A next common step would be to provide the .gct or .res file output from ExpressionFileCreator as input to ComparativeMarkerSelection; a module that computes significance values for features. For a more indepth discussion of using ComparativeMarkerSelection for differential expression analysis please see the article Using ComparativeMarkerSelection for Differential Expression Analysis.

Convert to SNP file

If you imported raw Affymetrix SNP chip CEL files from caArray, you can take the .zip output containing those .cel files and use it as input to for the SNPFileCreator module. SNPFileCreator performs normalization and probe-level summarization to generate a SNP file for the provided set of SNP chip CEL files. (Note that an updated version of SNPFileCreator, version 2, supporting SNP 6.0 will be available in the first quarter of 2012.)

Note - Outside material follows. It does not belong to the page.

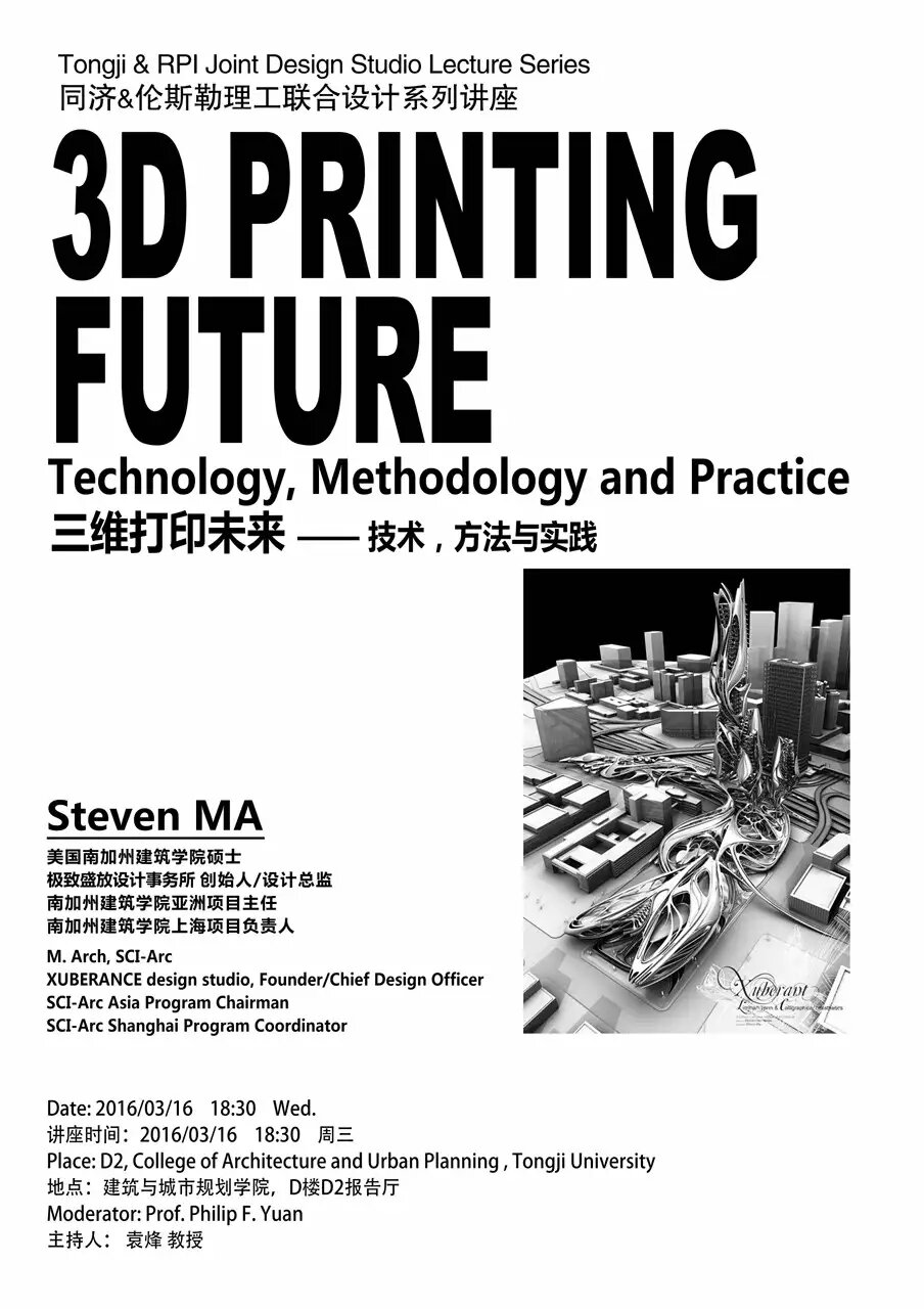 【3月16日 学术讲座】三维打印未来——技术,方法与实践

A common workflow or pipeline for .snp data is to compute SNP copy number and loss of heterozygosity (LOH). A discussion of this pipeline can be found in the article Computing SNP Copy Number and Loss of Heterozygosity.

Summary

In summary GenePattern provides a quick method for importing caArray experiment data sets into GenePattern, and tools to convert the raw or derived data into common GenePattern input formats. There are some common paths to be followed once your data is in these common formats, however, you should note that these are by no means the only paths to be taken. Once in GenePattern there are many methods available for data analysis and visualization. Those represented here are, as mentioned, common paths which may serve as endpoints in and of themselves or as entry points for using the analysis tools provided by GenePattern in custom workflows as meets with your desired output.